EXERCISE INPUT:
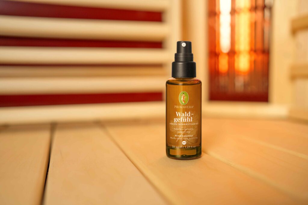 Zu den beschriebenen Möglichkeiten der „kleinen Auszeit“ können auch regelmäßige Schwitzanwendungen avancieren, ob in der Sauna oder Infrarot-Kabine. Beides sind der ideale Rahmen für Momente des Innehaltens. Das neue Infrarot Kabinen-Spray Waldgefühl – mit Zirbelkiefer bio, Riesentanne bio und Grapefruit bio – lässt uns den Duft von frischem Tannengrün und sonnenverwöhntem Holz schnuppern, wohlige Wärme durchflutet uns – und verheißt pure Energie für Körper, Geist und Seele.
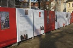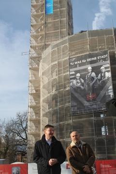 Für längere Zeit wird nun der Bauzaun das Stadtbild bestimmen, der in prominenter Lage zum Salzhofufer hin eine 30 m lange Front besitzt und sich bestens als Schauwand eignet. Er wird vollflächig mit einer bunt bedruckten Plane ausgestattet.
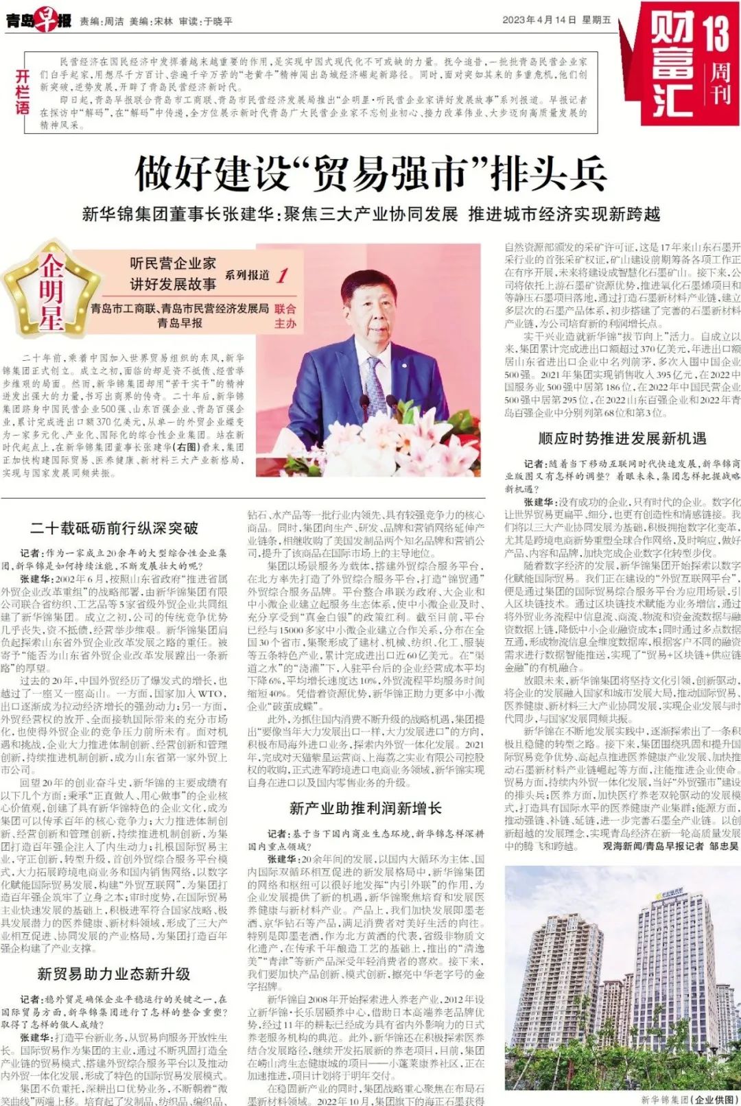 听民营企业家讲好发展故事丨《青岛早报》专访新华锦集团董事长张建华 - 媒体报道 - :: HIKING GROUP 新华锦首页(国际贸易)(金融投资)(老年颐养) ::
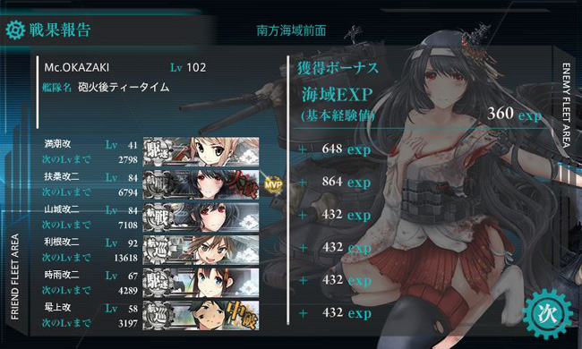 さて、放置単発任務の消化1本目は『「西村艦隊」南方海域へ進出せよ!』。これはレイテ沖海戦時の西村艦隊の5隻(扶桑・山城・最上・時雨・満潮)にフリーの1隻を加えて、5-1ボスにS勝利せよ、というミッション。フリー枠は新たに実装された西村艦隊の構成員である朝雲を加えるのが通ってもんですが、戦力的にあてにならない所もあるので、ここはルート固定+戦力の観点から利根を投入。ホント、この艦娘は能力高いので出番が多いです。
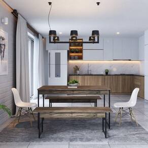 1x Conjunto Mesa de Jantar com 2 Bancos Estilo Industrial Active Carvalho Dark Necessita Montagem: Sim

EXERCISE: Produce the lines from the first line of the entries through the line that contains "听民营企业家讲好发展故事丨《青岛早报》专访新华锦集团董事长张建华 - 媒体报道", exactly, leaving the pictures behind.

RESULT:
 Zu den beschriebenen Möglichkeiten der „kleinen Auszeit“ können auch regelmäßige Schwitzanwendungen avancieren, ob in der Sauna oder Infrarot-Kabine. Beides sind der ideale Rahmen für Momente des Innehaltens. Das neue Infrarot Kabinen-Spray Waldgefühl – mit Zirbelkiefer bio, Riesentanne bio und Grapefruit bio – lässt uns den Duft von frischem Tannengrün und sonnenverwöhntem Holz schnuppern, wohlige Wärme durchflutet uns – und verheißt pure Energie für Körper, Geist und Seele.
 Für längere Zeit wird nun der Bauzaun das Stadtbild bestimmen, der in prominenter Lage zum Salzhofufer hin eine 30 m lange Front besitzt und sich bestens als Schauwand eignet. Er wird vollflächig mit einer bunt bedruckten Plane ausgestattet.
 听民营企业家讲好发展故事丨《青岛早报》专访新华锦集团董事长张建华 - 媒体报道 - :: HIKING GROUP 新华锦首页(国际贸易)(金融投资)(老年颐养) ::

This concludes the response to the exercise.